Data quantity versus data quality

The blocker I’d particularly like to focus on here is data quality. As stated above we’re now able to use much more data-hungry approaches to Data Analytics and AI. If current trends persist there will continue to be enough data to support this. However, a lot of current practice won’t support the kind of consistency and integrity that will ensure that quality keeps pace with quantity. And this is a problem because dodgy data yields dodgy insights and dodgy decisions.

There are many historical reasons for data quality not being as high as we’d like but what makes it stay this way is worth examining. I think it’s akin to the productivity paradox driving hand car washes in the UK.

“Perversely, instead of using the high-tech cleaners at garages we choose to pay others to wash our cars using the most inefficient of methods – a hose, bucket, water, soap and sweat. The hand car wash has grabbed around half of the commercial car wash market in the UK.”

The growth of hand car washes has happened despite the fact that automatic car washes are faster, less likely to cause damage and clean better. How do we explain this? Simply put, short-term profitability. Setting up a car wash in the UK today, it’s more profitable to rent a disused space, employ people willing to do or more likely, unable to decline low wage work than to shell out for an automated one.

I think if you’re building a digital service you‘re in a similar position when it comes to cleaning and validating the data inputted by users. Why take on the extra burden? After all, keeping the data ‘clean’ (accurate and validated against the freshest, most authoritative sources) and available to others, aren’t critical for the delivery of digital services. Also, doing this extra work is unlikely to make a huge difference to the running of the user-facing component of the digital services in the short-term. So, why bother? The truth is most teams won’t.

Image created by Rosenfeld Media and released under a CC licence

At present even the government’s Digital Service Standard has a very functional, service-tailored view of data. The 3 data-related criteria ( 15 to 17) are focused on the collection and reporting of performance data for the service being assessed.

Why does this matter?

I can think of two big reasons.

  1. Digital services and processes are the de facto ‘data engines’ of most organisations. This is because services (especially transactional ones) essentially collect and process data in order to meet users’ needs. They also create a lot of useful data as a byproduct. Much of this data is useful to others within the organisation — for the purposes of analytics and running services. A narrow focus on data that is of 'good enough' quality to run the online component of a digital service deprives the wider organisation of a valuable resource.
  2. Cleaning data becomes more costly the further from source and the more of it you have. The cost to the wider organisation from poor quality data is also multiplied.
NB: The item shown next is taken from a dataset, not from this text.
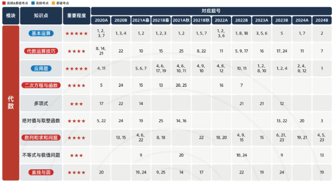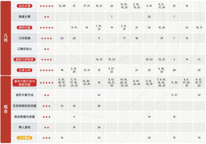 除了基本知识点的补齐,对重点难点知识也要有针对性的提升,除了保证基础前15道题没有失误之外,需要攻克难点和高频考点,结合近5年的amc10考试规律,思客amc团队总结出教研代数、几何、数论、组合和概率几大模块的高频知识点、重要考点和难点,大家可以对照学习。

‘So far, so reasonable’, is what I hope you’re thinking. I also imagine you’re wondering:

  • what are the obstacles to putting the data that services generate to use?
  • where it has been done, what conditions made it possible?

Good questions. I’m going to try to answer them using an example to illustrate. I hope it’s uncontroversial to say that we’re a fairly long way off from artificial general intelligence. However, there’s been good progress with task-specific AI. DeepMind’s energy saving algorithm which saved Google 40% off its energy bill is a good example of this. Here’s an outline of their approach:

We accomplished this by taking the historical data that had already been collected by thousands of sensors within the data centre — data such as temperatures, power, pump speeds, setpoints, etc. — and using it to train an ensemble of deep neural networks.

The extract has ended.